Associate Data Engineer
Arkose Labs
Escazú, Costa Rica
01/2025 - Present
As a Data Engineer in the Customer Success team, I turn raw data into clean datasets that power an automated BI reporting platform in Looker Studio that CS teams use to present value to more than +70 customers and that executives use to monitor portfolio health and renewals. I drive cross-team technical alignment with Professional Services, Account Management and Solutions Engineering to maintain a single source of truth across reporting use cases, shared definitions and KPI calculations. I lead the data engineering work to evaluate and prioritize requests, define scope and turn the most valuable ones into production datasets that support business value.
Key achievements
• Owned and maintained the pipelines and data warehouse (Postgres) that power the Customer Success automated BI reporting platform; improved freshness to twice-daily runs (from once daily) by optimizing queries and schedules. Reduced manual prep time:
QBRs: from 2 hours to 10 minutes per customer.
Monthly reports: from 1 hour to 5 minutes per customer.
Post-attack reports: from 2 hours to 10 minutes per incident.
Threat-Intel reports data source: from 6 hours getting exports of data from different sources to 30min getting the data centralized from the BI reporting platform; latest example of the last quarter's report: Threat Actor Report – Scammer Focus.
• Led end-to-end data engineering workflow for two CS churn-prevention initiatives): from source systems discovery and API integrations, transforming raw (bronze) to -> clean datasets (silver)-> and loading into postgres tables (gold).
Account Health Score: blends onboarding, adoption, performance, and retention to flag risk up to 6 months earlier.
Customer Quadrant Classification: segments by health × value to focus actions and target ≥5 expansion opps/quarter.

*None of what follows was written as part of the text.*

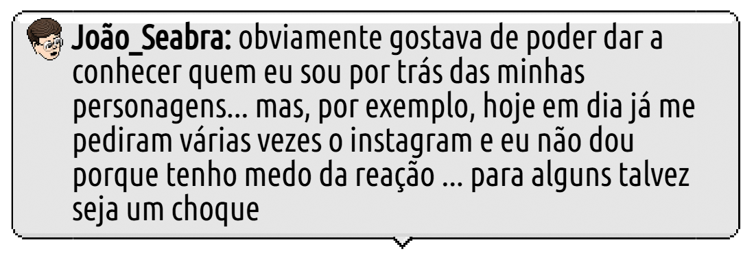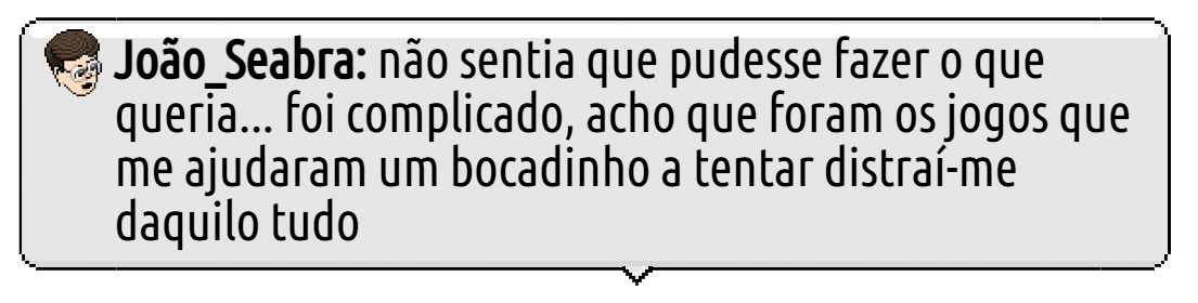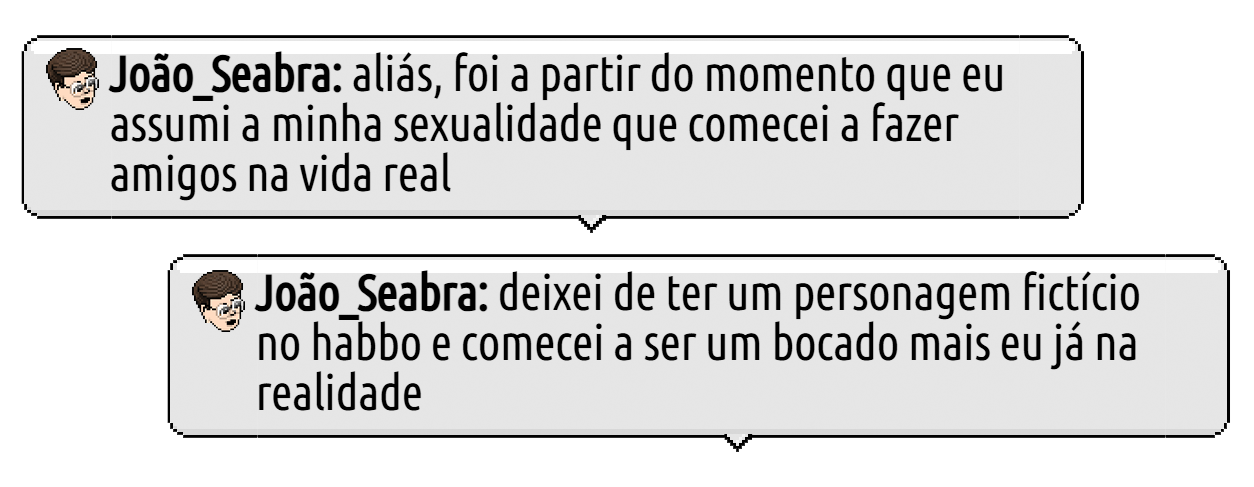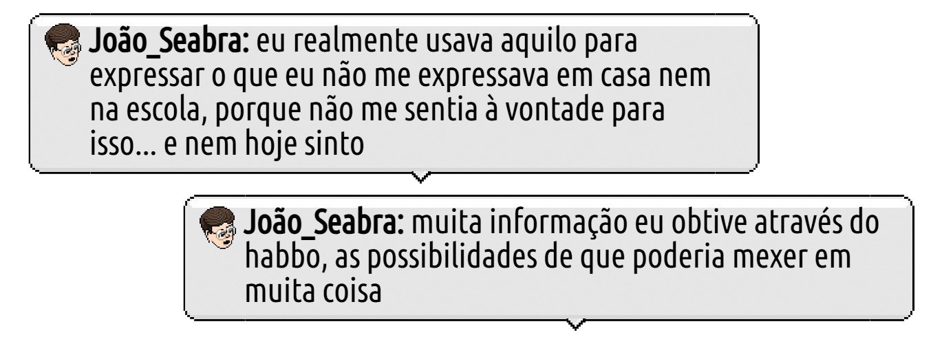No caso do João, não pela opção de respeitar a Habbo Etiqueta, mas pela insegurança de apresentar um rosto que ainda não condiz com a sua identidade, os amigos e amigas que fez pelos jogos sequer tiveram acesso a algo tão íntimo para ele: seu corpo real. Apesar do Habbo não estar mais dentre a rotina de jogos dele, a história ainda acaba se repetindo, em outras plataformas.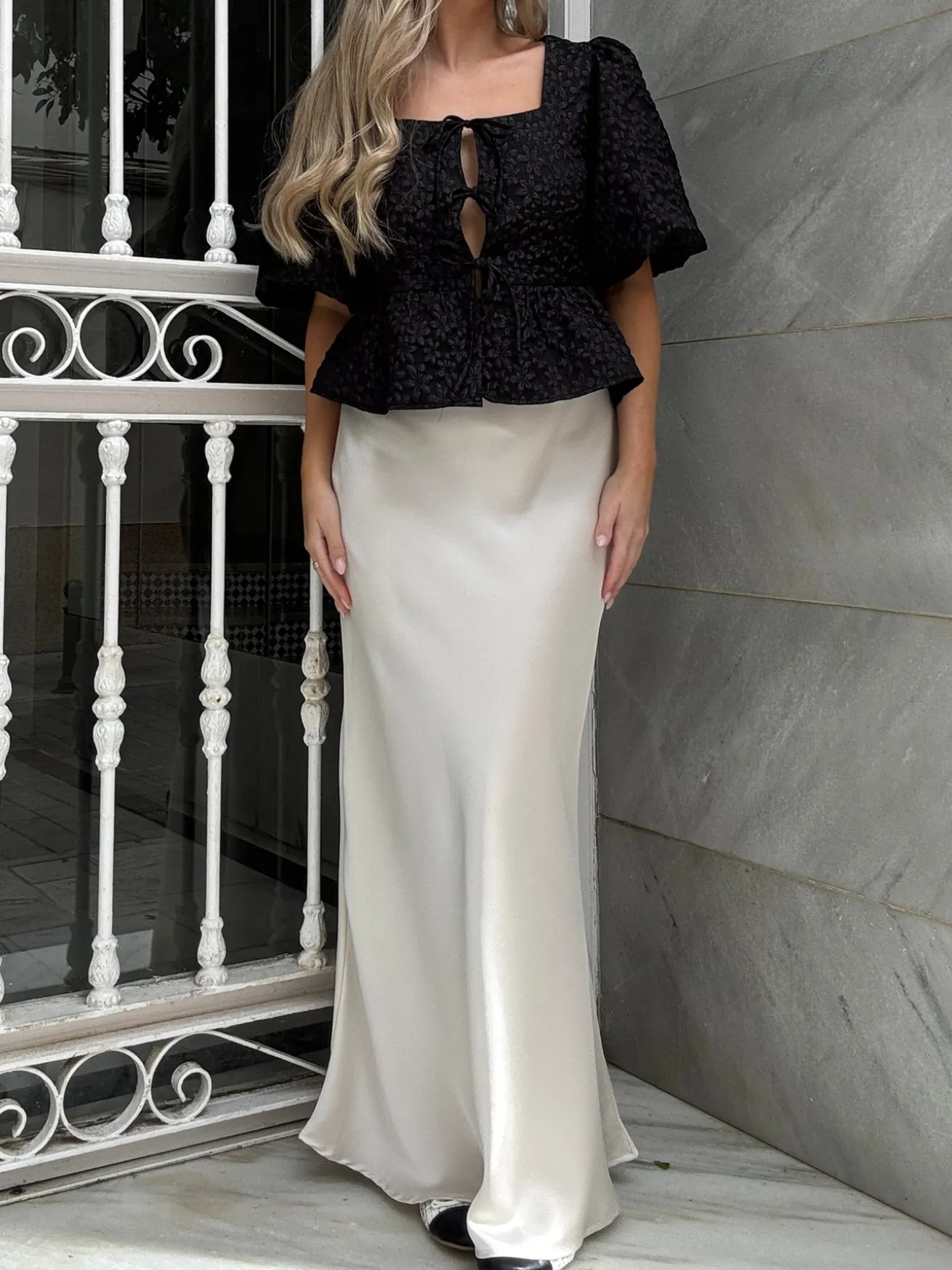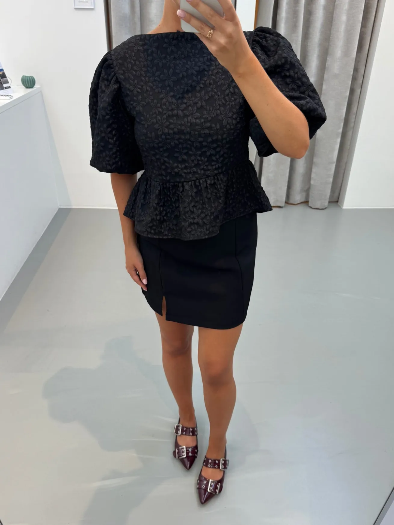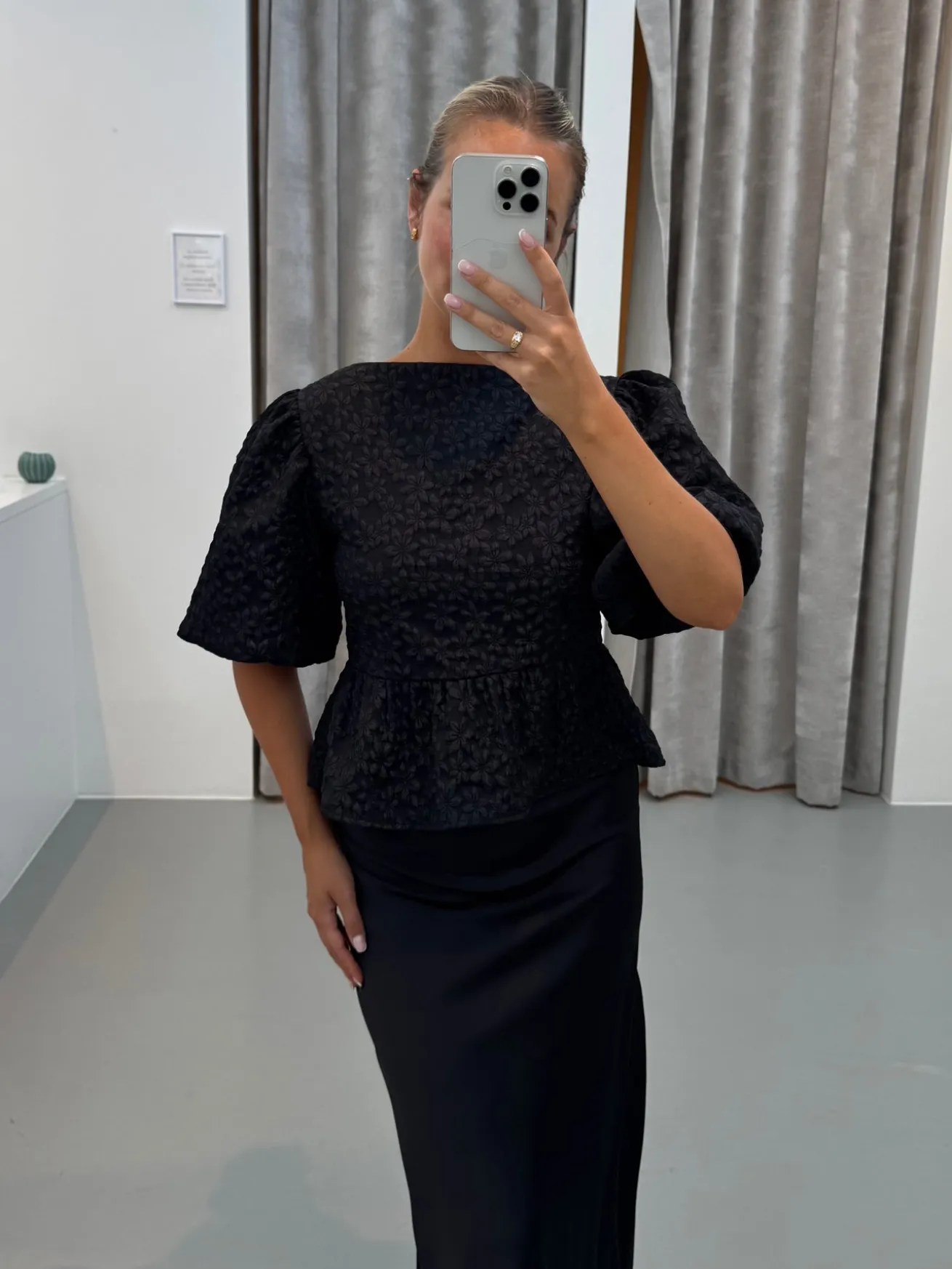 Elena blusen har de fineste puff-ærmer. Den bindes fortil og er den perfekte forårs bluse. Toppen kan vendes, så at du binder den på ryggen. Så giver den et klassisk og mindre åbent look.

• Planned, scoped and executed the migration of Python ETL code from ECS Fargate/ECR to Airflow (Amazon MWAA) to achieve more reliable runs, better isolation of data processing, stronger QA checks and less manual work. I designed a phased migration plan with a pipeline inventory and dependencies. In Airflow, DAG pipelines run under one scheduler with clear retries and simple monitoring; heavy jobs were split into smaller tasks to isolate failures. 5 pipelines migrated successfully; 2 remain to finish in Q3.
• Built a Slack alerting system in Python that queries Gold tables (PostgreSQL) and posts account-specific alerts to CS/account slack channels, flagging account health changes and threshold breaches for proactive action.
• Ran an 8-lesson AI upskilling program for a 6-person team (8 weeks): designed a structured training on LLMs/ChatGPT, how tokens work, prompt, RAG/retrieval, evaluation and agentic workflows; delivered slide decks and hands-on labs. Outcome: teammates reported better day-to-day use of AI tools and stronger problem-solving.
• Launched a Security+ cohort for my team: scoped phases, led weekly study sessions, got materials and scheduled practice tests to prepare for certification.